Пресловутый «зал» невелик, метров двадцать, не больше. Слева от входа, вдоль длинной стены, диван, знаменитый стол посередине комнаты почти упирается в темного дерева стенку, на полках которой, помимо рюмок, бокалов, вазочек, статуэток и прочей неисчислимой белиберды, торчит десятка два книжек. Основные книжные запасы у Лидуси хранятся в коридорном шкафу, причем запасы на удивление изрядные, в стенке — сущие пустяки, и чего тут рассматривать?

Два кресла у торцевой стены справа от входа, одно — у дальнего торца, между телевизором и балконной дверью. В нем сейчас сидела Лидуся.

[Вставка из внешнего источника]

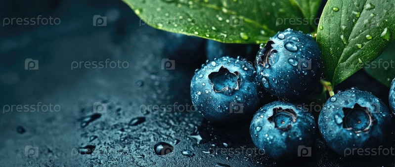 Свежая черника, покрытая каплями росы на зеленых листьях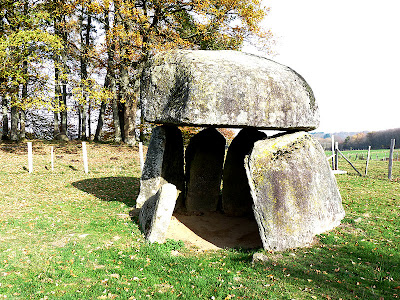 | The Dolmen, St.Priest la Feuille France, is set in the magnificent Creuse countryside with Limousin cattle grazing nearby. The dolmen sends a strong shadow and the top stone rests on only 3 stones. Probably a tomb, it stands on a hill with a standing stone nearby. The supporting standing stones may have moved over the many years and a front stone is broken. It is magnificent, particularly from a distance. |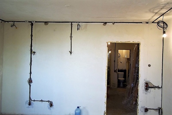 Au même stade, vous devez décider de la méthode de pose des câbles - ouverte ou fermée. Dans les maisons avec des murs en plâtre, la méthode fermée est généralement utilisée, avec du bois - la méthode ouverte.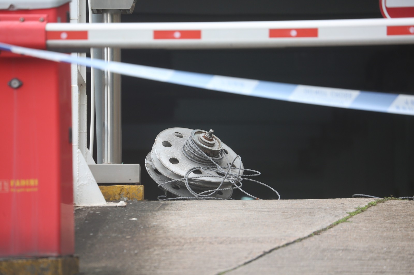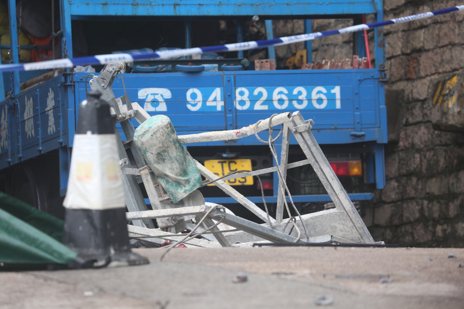 現場所見,吊船墮落在一輛私家車旁,零件及鋼纜四散,地上遺下大灘血漬。而涉事的鋼纜斷裂,固定吊船的支架扭曲變形,未知是否墮下時導致。
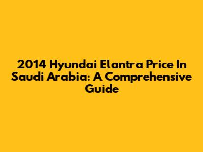 2014 Hyundai Elantra Price In Saudi Arabia: A Comprehensive Guide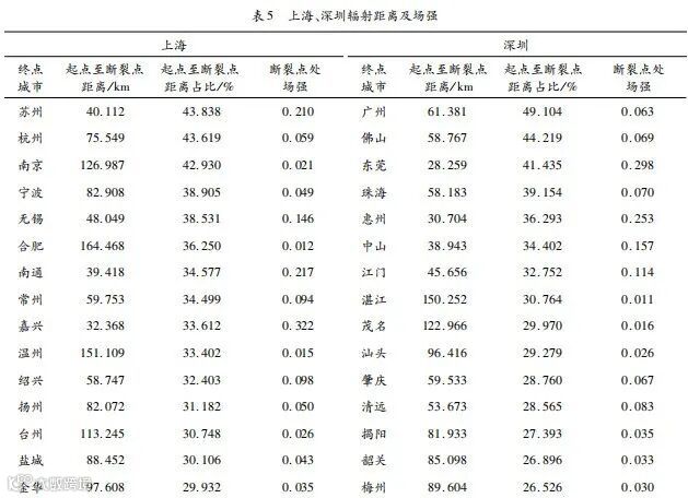 笔者计算整理了上海、深圳分别与长三角与广东区域内各城市之间的经济辐射范围,即断裂点范围及断裂点处的场强(见表 5),并且根据断裂点距离与总距离的占比进行排序,由表中结果可知,上海与长三角各城市断裂点距离占比大于 40%的有 3个城市:苏州、杭州、南京,占比 11%;介于 30%~40%的有11座城市,占比 40%。由此可见,上海对长三角区域城市的辐射力大小较均匀,差距不太大。深圳到广东各城市断裂点距离占比大于 40%的同样有 3个城市:广州、佛山和东莞,占比 14%;大于 30%小于40%的有 5座,占比为 24%。这说明深圳的辐射能力主要还是集中在珠三角区域,辐射范围相对来说不够均衡。从经济辐射的场强大小来看,上海对嘉兴的辐射场强最大,其次为南通、苏州和湖州,场强均大于 0.1;深圳在断裂点处的经济辐射大于 0.1,场强最大的为东莞,其次为惠州、汕尾、中山、河源。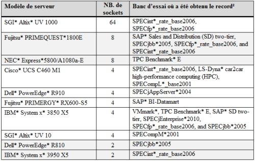 Le tarif des nouveaux processeurs Intel Xeon séries 7500 et 6500 va de 744 à 3 692 USD l’unité par mille. Renseignements complémentaires : www.intel.com/server .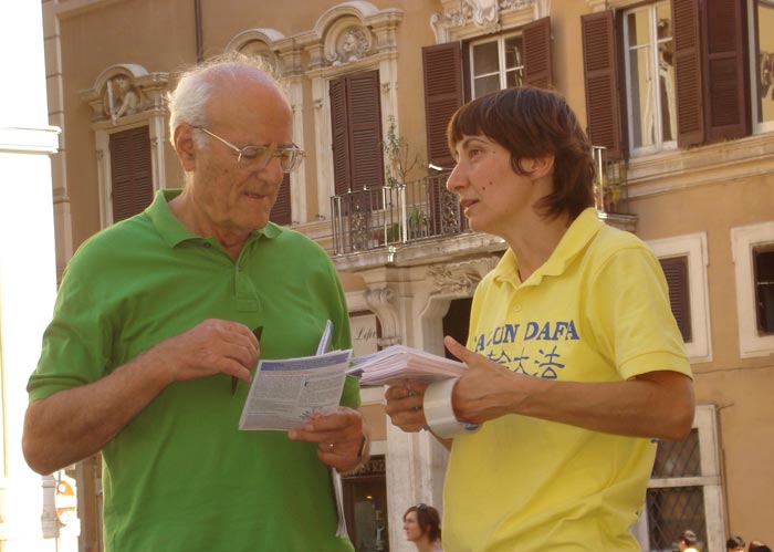 法轮功学员在意大利国会前向路人 |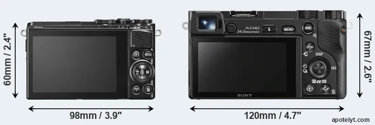 | Body Specs | Nikon 1 J5 | Sony A6000 |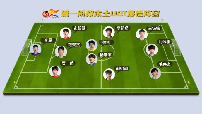 5月20日讯 中超进入间歇期,《足球》报评选出第一阶段本土U21最佳阵容,王钰栋、刘诚宇、蒯纪闻、毛伟杰在列。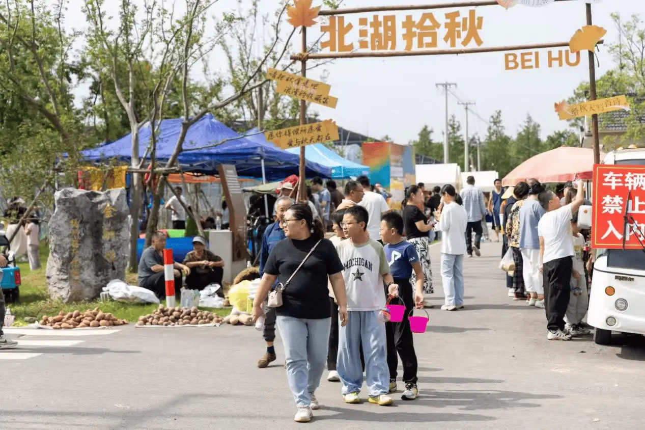 走進(jìn)利民村“北湖拾秋”活動(dòng)現(xiàn)場(chǎng),田園間的鮮活氣息撲面而來。39.9元游玩套票搭配手繪版《北湖漫游手冊(cè)》,成為游客開啟體驗(yàn)的“出行標(biāo)配”。手冊(cè)不僅標(biāo)注點(diǎn)位,更暗藏“集章抽獎(jiǎng)”趣味,而“蛋蛋王國(guó)”尋彩蛋、“吃雞獵場(chǎng)”抓活雞、“捕魚達(dá)人”撈小魚等互動(dòng)項(xiàng)目,讓親子家庭在追逐嬉鬧中沉浸式解鎖農(nóng)耕野趣;手作稻草人守護(hù)松茸田、非遺魚燈點(diǎn)亮秋日祈愿等“秋作”體驗(yàn),則讓游客在指尖創(chuàng)作中觸摸鄉(xiāng)村文化肌理。尤其是9.9元的“一米菜田”認(rèn)領(lǐng)計(jì)劃,既圓了城市人“躬耕田園”的向往,更通過“認(rèn)養(yǎng)+托管”模式為村集體帶來長(zhǎng)期穩(wěn)定收益,實(shí)現(xiàn)“游客得樂趣、集體增收入”的雙贏。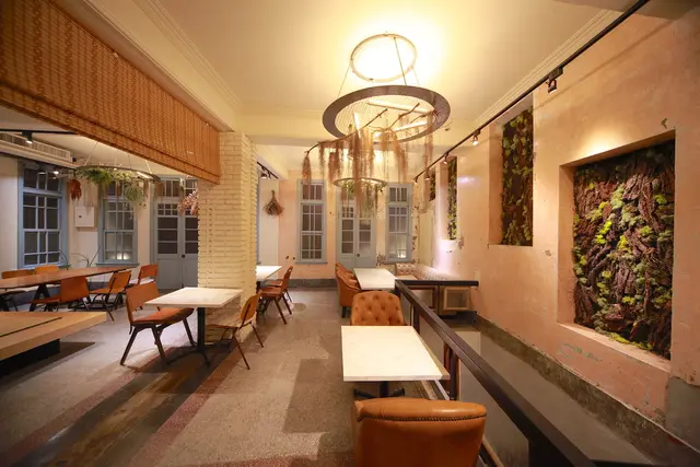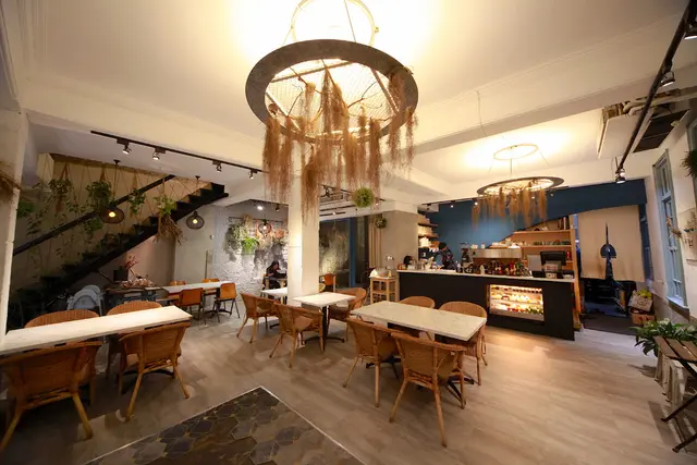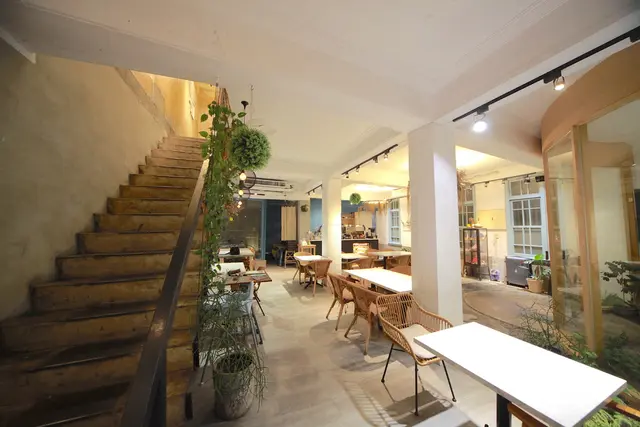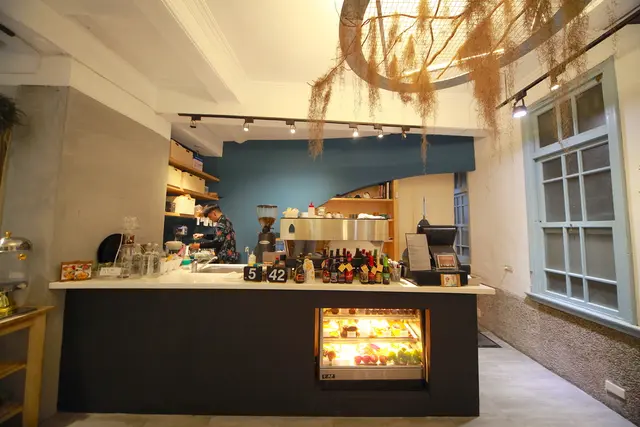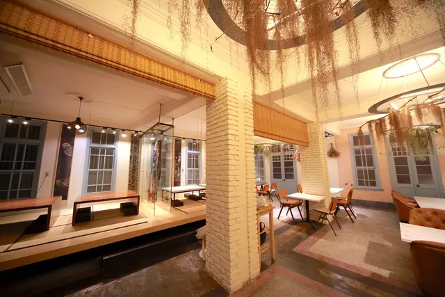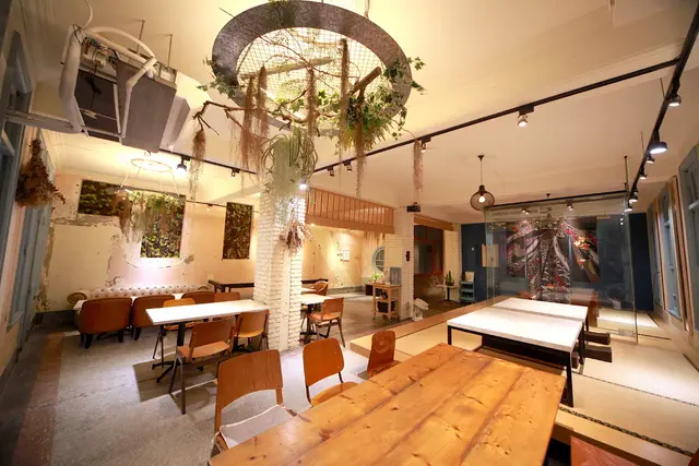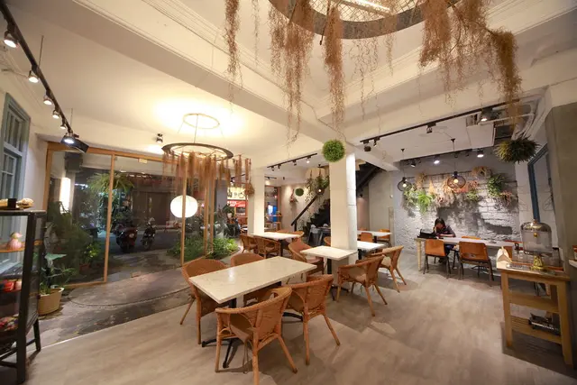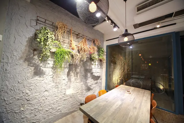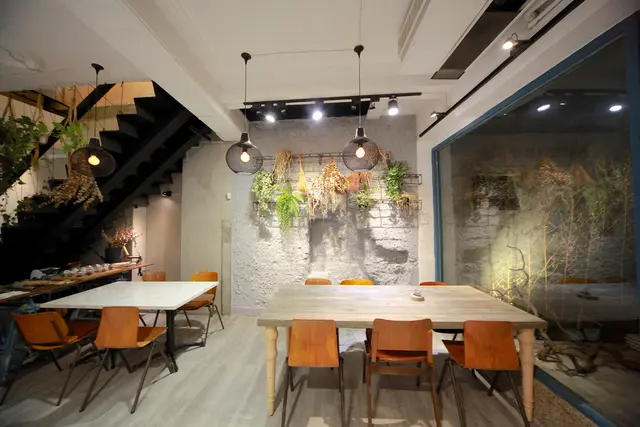 一樓用餐空間很寬敞採光也非常好,座位區座位間距擺置得宜還有共桌座位,柔和燈光與乾燥花充滿文青氣息。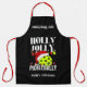 Fun, festive black Pickleball Christmas Apron with CUSTOMIZABLE TEXT at the bottom, which you can easily personalize. Design shows a pickleball in a santa hat with festive decorations and lights. The customizable text reads MERRY DINKSMAS and you can change this to your name or team. You can also add your name at the top. This unisex Christmas Pickleball Apron would make a great Christmas gift for those festive family get-togethers. Buy one for each member of your family so they can help with the Christmas dinner. Also in white. Matching gifts available.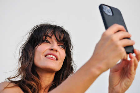 Portrait of young european woman taking selfie with phone on white background

Я встала около стенки. Между моей спиной и столом места оставалось немного.

— Так?

— Ну да, я, когда на свое место проходила, чуть стол из-за нее не своротила, отклячила свою задницу, читательница, тоже мне!

Вот оно!

— Как это? Покажи, — попросила я.

Лидуся показала. Даже повторила на «бис», хотя и с первого раза было ясно: протискиваясь между стоящим у стенки человеком и столом, не зацепить стол невозможно. А стол вращался от малейшего прикосновения. Пришлось, конечно, шею вывернуть напрочь, чтобы что-то углядеть, но углядела.

— Лидочек, прости мою наглость, ты можешь показать то же самое еще одному человеку?

— Ну ты вообще! — возмутилась Лидуся, но махнула рукой — мол, давай.

Ильин приехал через пятнадцать минут. Посмотрел на реконструкцию событий — аж два раза — почтительно поклонился хозяйке, поблагодарил за содействие и гостеприимство, даже ручку облобызал — после чего сообщил, что Маргарита Львовна своей дырявой головой совершенно забыла, что у нее через полчаса важная встреча.

Лидуся, настроенная на теплые посиделки, порядком огорчилась, но разве с Ильиным поспоришь?

 

26.

Чтобы носить очки — мало быть умным.

Надо еще плохо видеть!

Мартышка

Рыжий драндулет стоял впритык к подъезду. Никита легким толчком отправил меня внутрь и за всю дорогу до моего дома не произнес ни слова. Доехали, впрочем, быстро — минут за двенадцать.

Когда Ильин доставал из машины свою сумку, она — сумка, а не машина — явственно звякнула. Я промолчала. Не сговариваясь, мы свернули к ближайшему киоску, где майор купил двухлитровый пакет апельсинового сока и минералку.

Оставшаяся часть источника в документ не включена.